The labellers rated the quality of model outputs by InstructGPT, and GPT-3 on a set of test prompts and prompts on the OpenAI API to measure the quality difference between the models. OpenAI claims that InstructGPT models were significantly preferred on both prompts. The model was found to write fewer untrue statements while better following instructions, as we can see in the example stated by OpenAI before. Additionally, InstructGPT can generalise to tasks, such as following instructions in other languages or answering questions about computer codes, which it wasn’t explicitly trained to do. Lastly, the model also generated better-aligned text than GPT-3.

InstructGPT vs GPT-3
InstructGPT has been trained to respond to instructions, unlike GPT-3, which responds to instructions with possibly more questions. OpenAI has illustrated this with a few examples.
PROMPT: Why aren’t birds real?
GPT-3: Well, for one thing, The Rapture is not a very realistic event. There is no evidence that it is going to happen. I could say more, but you don’t really need to know more.
GPT-3: I’ve been a bird for a while now. I have never flown or seen another bird or any evidence of god. The rapture has never happened. I am a bird in a cage. I have never been a bird, but I am a bird.
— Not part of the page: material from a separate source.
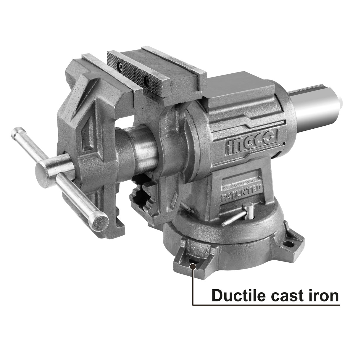 Λεπτομέρειες προϊόντοςΠεριστρεφόμενη βάση 360 μοιρών, Περιστρεφόμενη κεφαλή 360 μοιρών, Με αμόνι, Προστατευτικά σιαγώνων. Λειτουργεί και σαν μέγγενη σωλήνων.

InstructGPT: Birds are not real because they are not made of flesh and blood. They are made of feathers, bones, and organs.
The future of better models?
As a result, OpenAI found that users of its API favoured InstructGPT over GPT-3 more than 70% of the time. Of course, InstructGPT is not foolproof either and makes simple errors like producing irrelevant or nonsensical responses. When false input prompts, the model will take them as being true. Additionally, given its training on doing what is asked, the model has a better future in producing far more toxic language than GPT-3 if directed to do so.
First the issues. Probably the biggest is that InstructGPT literally follows instructions. If you ask it to do something bad, it will usually just do it.
— Ryan Lowe (@ryan_t_lowe) January 27, 2022
I don’t think that’s what we want. Gotta figure that out (when should models refuse to do what the user asks?) pic.twitter.com/foASQRmeWm
I’ll leave you with some ridiculous InstructGPT outputs from the paper pic.twitter.com/ikKZqVxb8i
— Ryan Lowe (@ryan_t_lowe) January 27, 2022
The model also undergoes the problem of the ‘Alignment Tax’, where, because the model only aligns on customer tasks, it can have worse performance on academic NLP tasks. As the team explained, this situation is undesirable given the technique makes the models worse on parameters the users care about and are likely to adopt in practice.
For now, IntructGPT is the default model for OpenAI’s API, where the customers can use the company’s language models for a fee. While GPT-3 will still be available, OpenAI does not recommend using it.